French startup Mistral AI has released Devstral 2, a 123 billion parameter open-weights AI model for coding, scoring 72.2 percent on the SWE-bench Verified benchmark. Alongside it, the company introduced Mistral Vibe, a command-line interface for autonomous software engineering tasks. A smaller version, Devstral Small 2, also debuted for local use on consumer hardware.
On December 10, 2025, Mistral AI unveiled Devstral 2, designed to function within an autonomous software engineering agent. This model excels at resolving real GitHub issues, achieving a 72.2 percent score on SWE-bench Verified, a test involving 500 problems from popular Python repositories. The benchmark requires the AI to read issue descriptions, navigate codebases, and produce patches that pass unit tests—tasks often seen as straightforward bug fixes by experienced engineers.

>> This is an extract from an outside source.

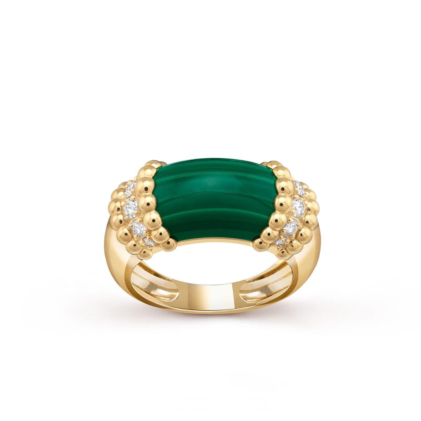 Van Cleef & Arpels Perlee Couleurs Ring 18K Yellow Gold Diamond Malachite
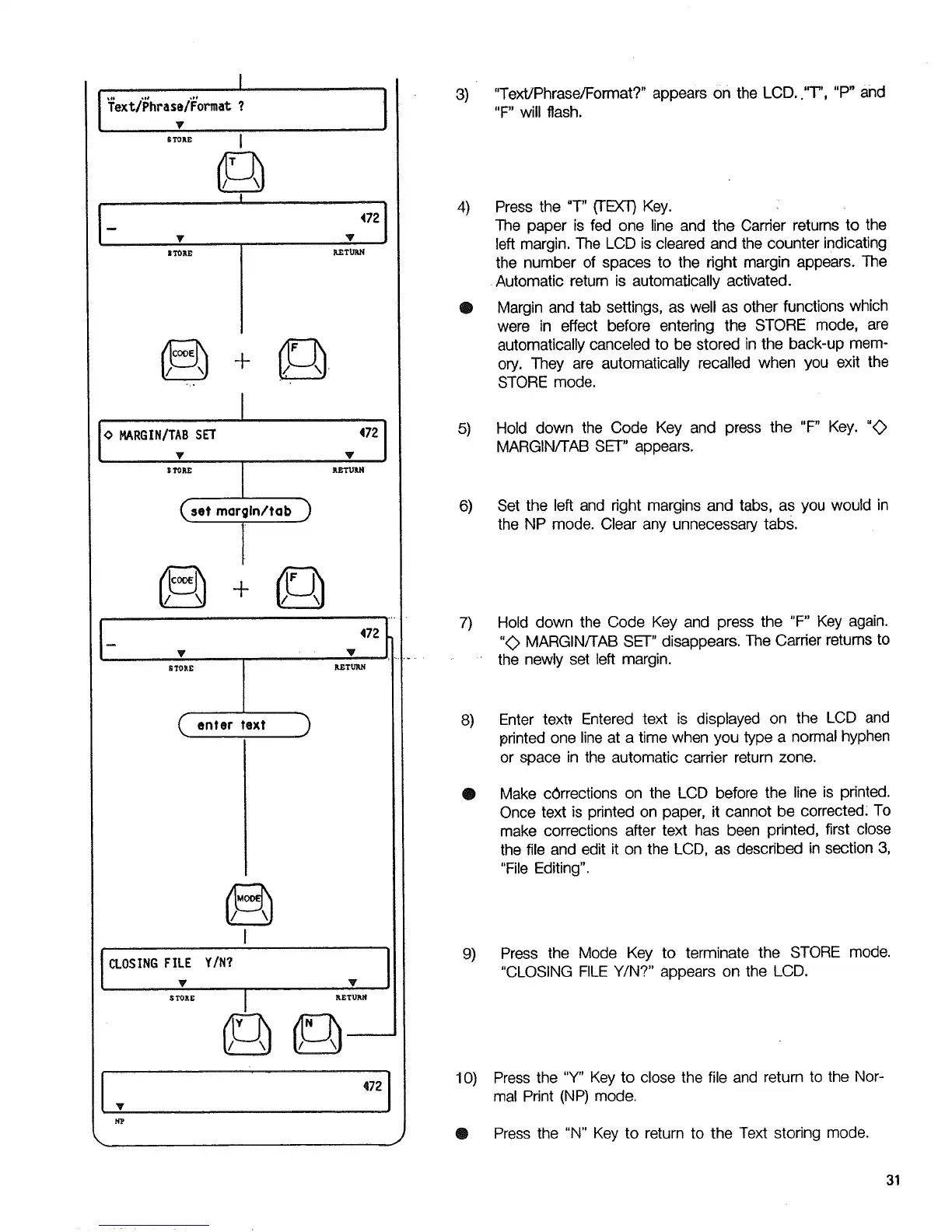 "CLOSING FILE Y/N?" appears on the LCD.

Complementing the model is Mistral Vibe, a CLI tool licensed under Apache 2.0. It enables developers to interact with Devstral models directly in their terminal, scanning file structures and Git status for project-wide context. The tool can modify multiple files and run shell commands independently, akin to interfaces like Claude Code or OpenAI Codex.
Mistral also launched Devstral Small 2, a 24 billion parameter variant scoring 68 percent on the benchmark. It operates offline on laptops and both models handle a 256,000 token context window for sizable codebases. Devstral 2 uses a modified MIT license, while the smaller one is under Apache 2.0.
Pricing starts free via Mistral's API, shifting to $0.40 per million input tokens and $2.00 per million output tokens for Devstral 2—claimed to be seven times more efficient than Anthropic's Claude Sonnet 4.5, which charges $3 and $15 per million tokens respectively.
The release ties into 'vibe coding,' a term coined by Andrej Karpathy in February 2025, describing natural language prompts for AI-generated code without deep review. Developer Simon Willison praised it for prototyping: “I really enjoy vibe coding. It’s a fun way to try out an idea and prove if it can work.” Yet he cautioned, “vibe coding your way to a production codebase is clearly risky,” emphasizing the need for code quality in evolving systems.
Mistral asserts Devstral 2 can sustain project coherence, fix bugs, modernize legacy code, and manage dependencies at scale, potentially extending vibe coding beyond prototypes.